• **Material for this task**
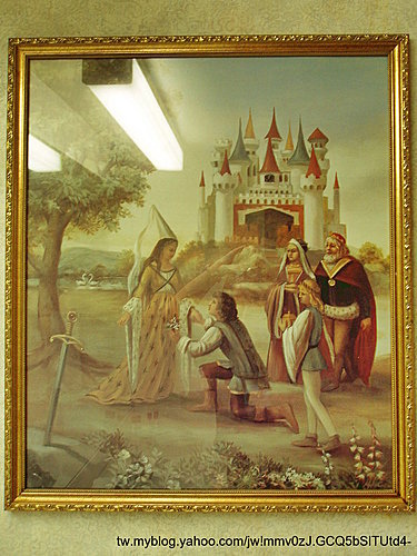 廁所的牆壁上也掛有描繪中古世紀城堡、王子和公主的畫。
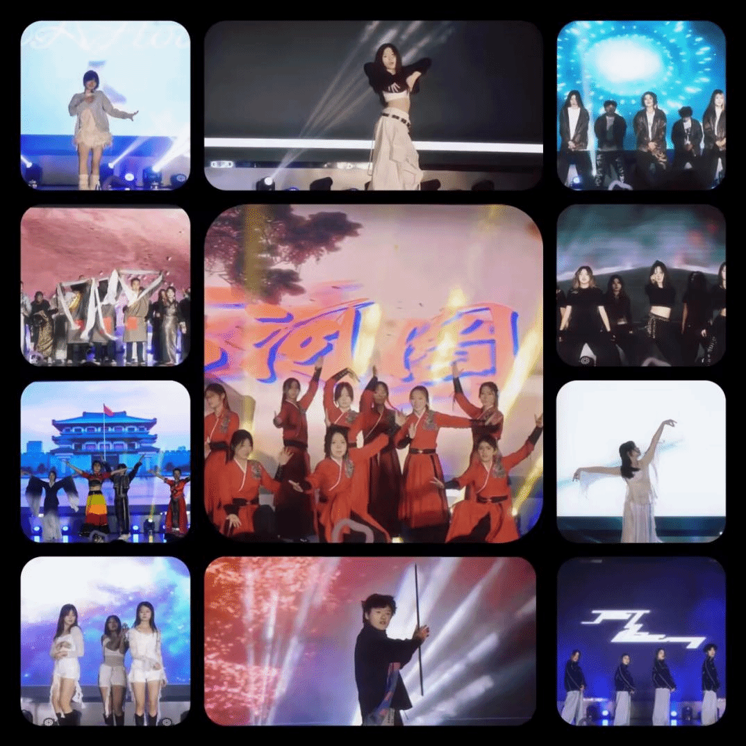 《Like a Flower》以轻盈舞步勾勒繁花绽放之姿,柔美韵律中尽显生命活力;《艾巴伽罗》融入浓郁民族风情,每一个动作都承载着地域文化的独特韵味;《龙腾盛世,共舞中华情》以舒展大气的身段演绎龙腾意象,将家国情怀融入翩跹舞姿;《Dreams Come True》踏着轻快节奏编织青春憧憬,跃动身影中满是追梦热忱;《Black Veil Bride》以黑纱为意象,用极具张力的表演营造出神秘冷艳的舞台氛围;《山河图》以大开大合的动作铺展山河盛景,身段流转间彰显华夏儿女的豪情壮志;《齐天烬》以“齐天大圣”为核心创作元素,凭借燃情演绎诠释不羁热血的悟空精神,实现国风韵味与舞台张力的完美融合;《镜》以精准同步的舞步构建镜像效应,折射出自我与世界的深层联结;《X-Sequence》以利落节奏拆解动作序列,动感节拍中迸发青春活力;《渔舟唱晚》以舒缓舞姿描摹渔舟归港之景,将黄昏时分的悠然意境展现得淋漓尽致;《Vibe It Up》则以热情节奏点燃全场,活力舞步让现场氛围持续升温。
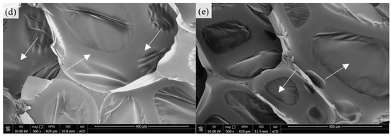 During the analysis, in the case of all the analyzed foams, most of the filler particles turned out to be embedded in the cell structure, which resulted in the improvement of the structure’s subsequent mechanical properties. Naturally, there were also filler particles inside the pores, but they constituted a definite minority. In the SEM images presented in Figure 4, the places of occurrence of the filler particles are highlighted by arrows.
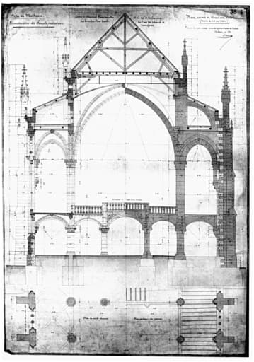 Reconstruction du temple protestant. Coupes et élévations transversales de la nef et les bas-côtés sur le milieu d'une travée, sur l'axe des colonnes et contre-forts. Plans, coupes et élévations d'après l'exécution.
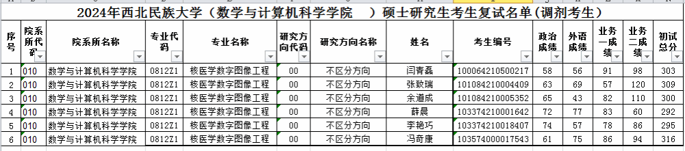 2024年红黑游戏 (数学与计算机科学红黑游戏 )硕士研究生考生复试名单(调剂考生)
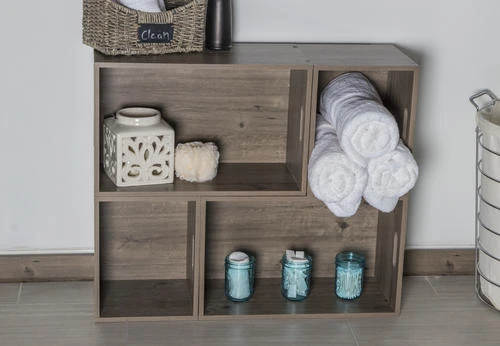 Stäckūbe™ shelving system from Dakota™ is a stackable, modular system that adapts to your ever-changing organizational needs. The versatile Stäckūbe™ boxes are easy to assemble and configure into your perfect organizational space. Convenient handles make each Stäckūbe™ portable and easy to carry. Mix and match the large and small Stäckūbe™ to hold magazines, organize books or DVDs, or showcase your heirloom knickknacks – the possibilities are endless! For additional design ideas, click on the “Technical Specifications” below.
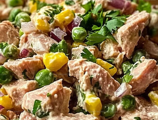 - Gradually drizzle the prepared dressing over the tuna mixture, gently folding ingredients to achieve uniform coating and flavor distribution.
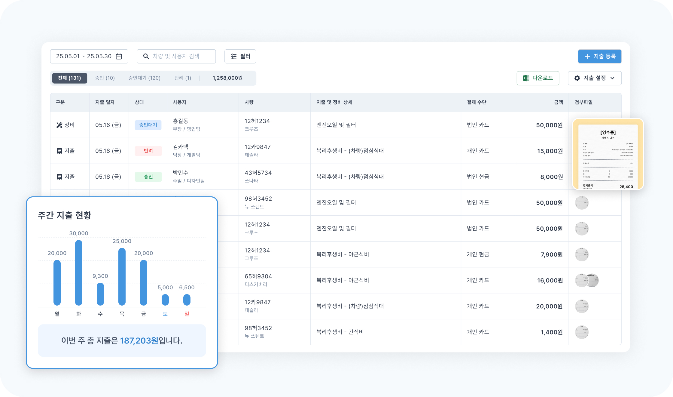 - 사용자(직원)의 유류비, 통행비 등 비용 정산 기능은 업무를 더욱 효율적으로 만들어 드려요.
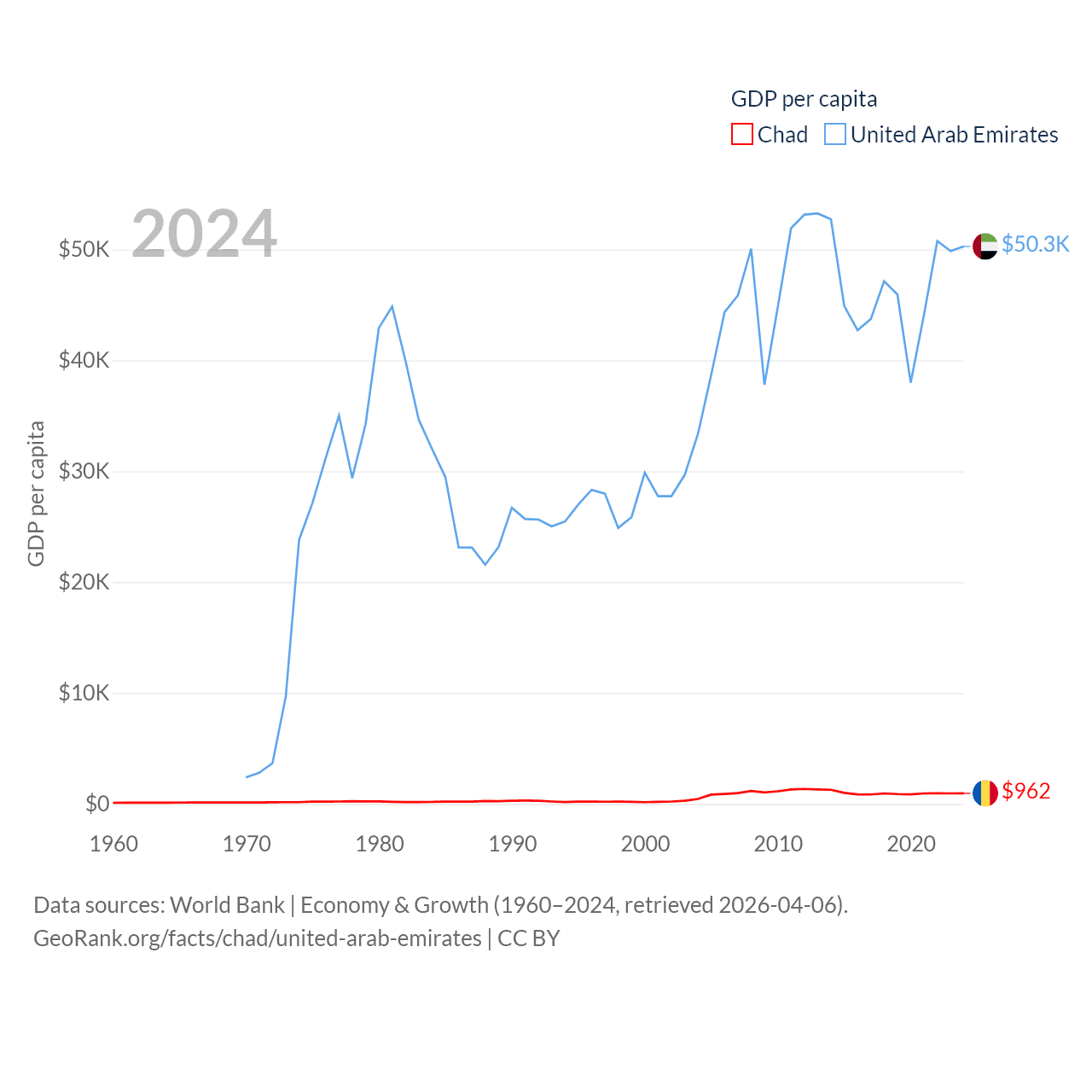 By GDP, Chad ranks 132/197 ($19.5B) and The United Arab Emirates ranks 27/197 ($552B). By GDP per capita, Chad ranks 182/197 ($962), while The United Arab Emirates ranks 24/197 ($50,274).
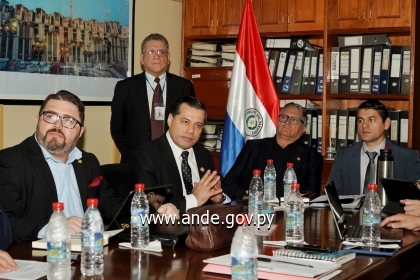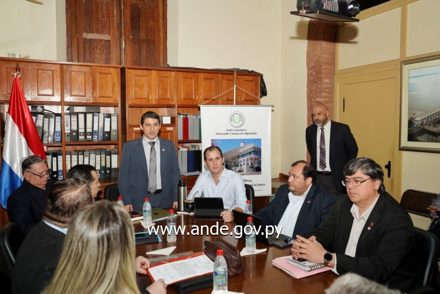 Continuando con el proceso de presentación y análisis de dos (2) proyectos de gran importancia para el fortalecimiento del sistema eléctrico del país, el Presidente de la ANDE, Ing. Félix Sosa, junto con el Director de Planificación, Ing. Tito Ocariz y el jefe de Gabinete, Ing. Luis Torres, se reunieron en la mañana de hoy, martes 25 de julio, con las comisiones de Obras, Servicios Públicos y Comunicaciones, y de Presupuestos de la Cámara de Diputados, para el análisis con los Diputados, de dos (2) importantes préstamos destinados a la construcción de dos Líneas de Transmisión para fortalecimiento del Sistema Eléctrico Paraguayo.
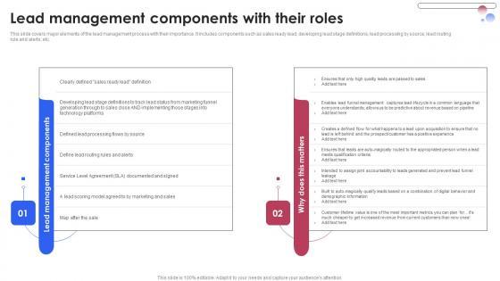 This slide covers major elements of the lead management process with their importance. It includes components such as sales ready lead, developing lead stage definitions, lead processing by source, lead routing rule and alerts, etc. Slidegeeks has constructed Lead Management Components With Their Roles Various Techniques For Managing Structure PDF after conducting extensive research and examination. These presentation templates are constantly being generated and modified based on user preferences and critiques from editors. Here, you will find the most attractive templates for a range of purposes while taking into account ratings and remarks from users regarding the content. This is an excellent jumping-off point to explore our content and will give new users an insight into our top-notch PowerPoint Templates. This slide covers major elements of the lead management process with their importance. It includes components such as sales ready lead, developing lead stage definitions, lead processing by source, lead routing rule and alerts, etc.

• **What to work on**
Now transcribe the lines above exactly, starting at the line containing "Come True》踏着轻快节奏编织青春憧憬,跃动身影中满是追梦热忱;《Black Veil" and ending at the line containing "By GDP, Chad", both lines included, pictures excluded.

• **Task answer**
 《Like a Flower》以轻盈舞步勾勒繁花绽放之姿,柔美韵律中尽显生命活力;《艾巴伽罗》融入浓郁民族风情,每一个动作都承载着地域文化的独特韵味;《龙腾盛世,共舞中华情》以舒展大气的身段演绎龙腾意象,将家国情怀融入翩跹舞姿;《Dreams Come True》踏着轻快节奏编织青春憧憬,跃动身影中满是追梦热忱;《Black Veil Bride》以黑纱为意象,用极具张力的表演营造出神秘冷艳的舞台氛围;《山河图》以大开大合的动作铺展山河盛景,身段流转间彰显华夏儿女的豪情壮志;《齐天烬》以“齐天大圣”为核心创作元素,凭借燃情演绎诠释不羁热血的悟空精神,实现国风韵味与舞台张力的完美融合;《镜》以精准同步的舞步构建镜像效应,折射出自我与世界的深层联结;《X-Sequence》以利落节奏拆解动作序列,动感节拍中迸发青春活力;《渔舟唱晚》以舒缓舞姿描摹渔舟归港之景,将黄昏时分的悠然意境展现得淋漓尽致;《Vibe It Up》则以热情节奏点燃全场,活力舞步让现场氛围持续升温。
 During the analysis, in the case of all the analyzed foams, most of the filler particles turned out to be embedded in the cell structure, which resulted in the improvement of the structure’s subsequent mechanical properties. Naturally, there were also filler particles inside the pores, but they constituted a definite minority. In the SEM images presented in Figure 4, the places of occurrence of the filler particles are highlighted by arrows.
 Reconstruction du temple protestant. Coupes et élévations transversales de la nef et les bas-côtés sur le milieu d'une travée, sur l'axe des colonnes et contre-forts. Plans, coupes et élévations d'après l'exécution.
 2024年红黑游戏 (数学与计算机科学红黑游戏 )硕士研究生考生复试名单(调剂考生)
 Stäckūbe™ shelving system from Dakota™ is a stackable, modular system that adapts to your ever-changing organizational needs. The versatile Stäckūbe™ boxes are easy to assemble and configure into your perfect organizational space. Convenient handles make each Stäckūbe™ portable and easy to carry. Mix and match the large and small Stäckūbe™ to hold magazines, organize books or DVDs, or showcase your heirloom knickknacks – the possibilities are endless! For additional design ideas, click on the “Technical Specifications” below.
 - Gradually drizzle the prepared dressing over the tuna mixture, gently folding ingredients to achieve uniform coating and flavor distribution.
 - 사용자(직원)의 유류비, 통행비 등 비용 정산 기능은 업무를 더욱 효율적으로 만들어 드려요.
 By GDP, Chad ranks 132/197 ($19.5B) and The United Arab Emirates ranks 27/197 ($552B). By GDP per capita, Chad ranks 182/197 ($962), while The United Arab Emirates ranks 24/197 ($50,274).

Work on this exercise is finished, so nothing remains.